Марьяна поднялась затемно, как привыкла за двадцать лет крестьянской жизни. Печь затопила с первой спички — руки помнили каждую щербинку на чугунной дверце, каждый изгиб старого колосника. Огонь занялся весело, жадно облизывая сухие березовые полешки, и по кухне поплыл горьковатый дымок, смешанный с запахом свежего хлеба — вчерашнего, уже успевшего зачерстветь.
Гаврила спал в горнице, отвернувшись к стене. Со стороны могло показаться, что он не дышит вовсе — так неподвижно лежало его тело под ватным одеялом. Но Марьяна знала: муж не спит. Просто не хочет с ней говорить. С некоторых пор это стало привычкой — молчать по утрам, молчать за ужином, молчать, глядя в одну точку, пока она управляется по хозяйству.
Она не винила его. Когда Гаврила вернулся с фронта в сорок четвертом, без правой ноги по самое бедро, на самодельных костылях, что вырезал ему санитар в госпитале, — он еще пытался шутить. Говорил, что главное — голова цела, а нога… что нога? Деревяшку приладим, не впервой русскому мужику на протезе ковылять. Но шутки закончились быстро. Нога, точнее, то, что от нее осталось, болела постоянно — тупо, изматывающе, особенно к перемене погоды. А еще болело где-то глубже, там, куда ни компресс, ни настойку не приложишь. Гаврила, в прошлом первый гармонист на всю округу, стал чужим человеком в собственном доме.
Марьяна накинула старый полушубок и вышла во двор.

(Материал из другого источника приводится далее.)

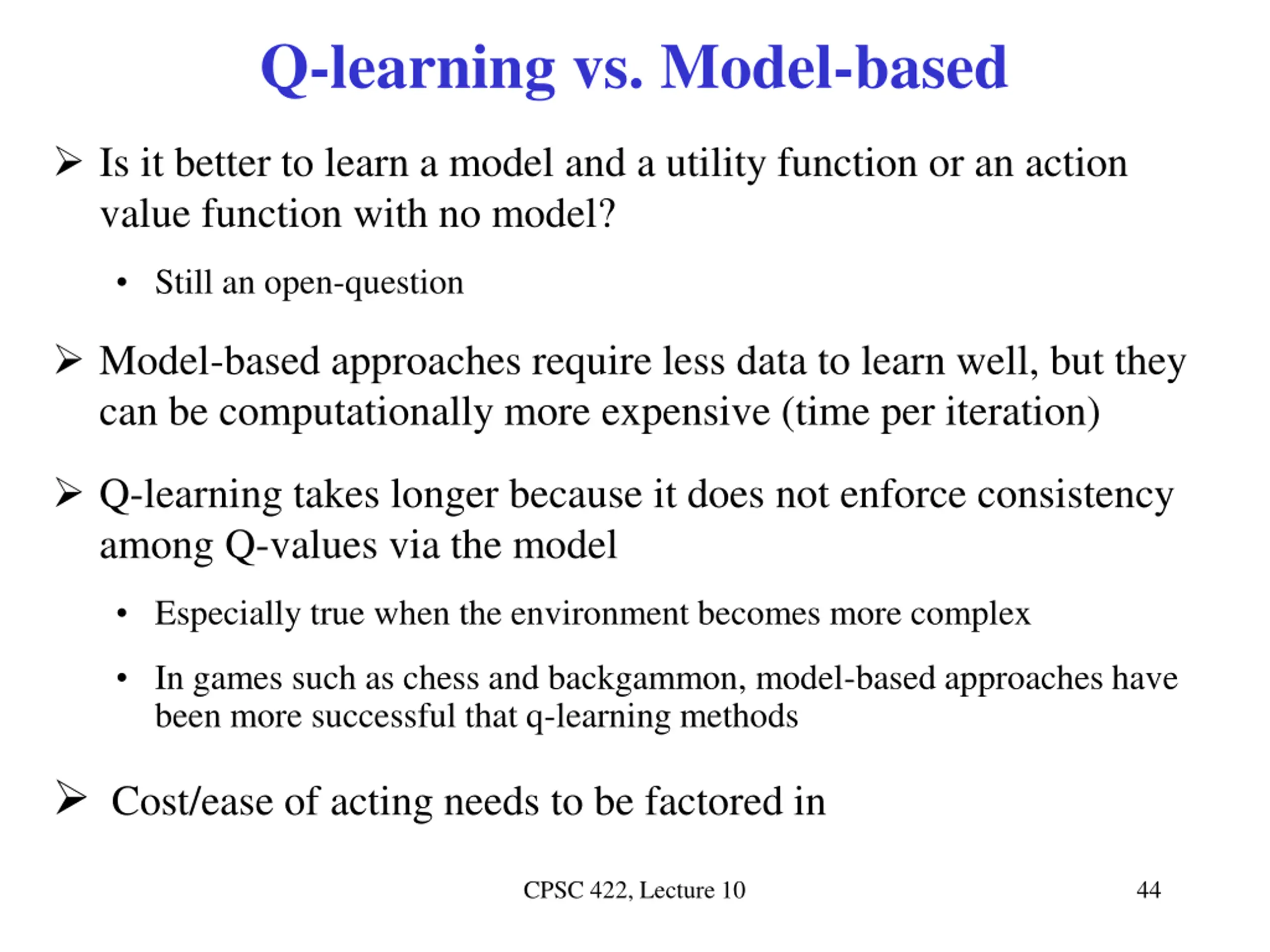Q-learning vs. Model-based Is it better to learn a model and a utility function or an action value function with no model? Still an open-question Model-based approaches require less data to learn well, but they can be computationally more expensive (time per iteration) Q-learning takes longer because it does not enforce consistency among Q-values via the model Especially true when the environment becomes more complex In games such as chess and backgammon, model-based approaches have been more successful that q-learning methods Cost/ease of acting needs to be factored in CPSC 422, Lecture 10 44

Ноябрьский рассвет едва пробивался сквозь низкие тучи, обещавшие скорый снег. Куры жались к сараю, не желая выходить на холод. Корова Зорька встретила хозяйку недовольным мычанием — молоко прибыло, и вымя распирало от тяжести. Марьяна привычно села на низкую скамеечку, обхватила теплые соски и зашептала, успокаивая скотину. Тонкие струйки зазвенели о жестяное ведро.
Она доила и думала о том, что сегодня нужно проведать ссыльных. Хлеб у них, поди, закончился еще вчера, а картошки Марьяна с осени припрятала в погребе достаточно, чтобы поделиться. Гаврила не знал — и не должен был узнать. Иначе быть беде.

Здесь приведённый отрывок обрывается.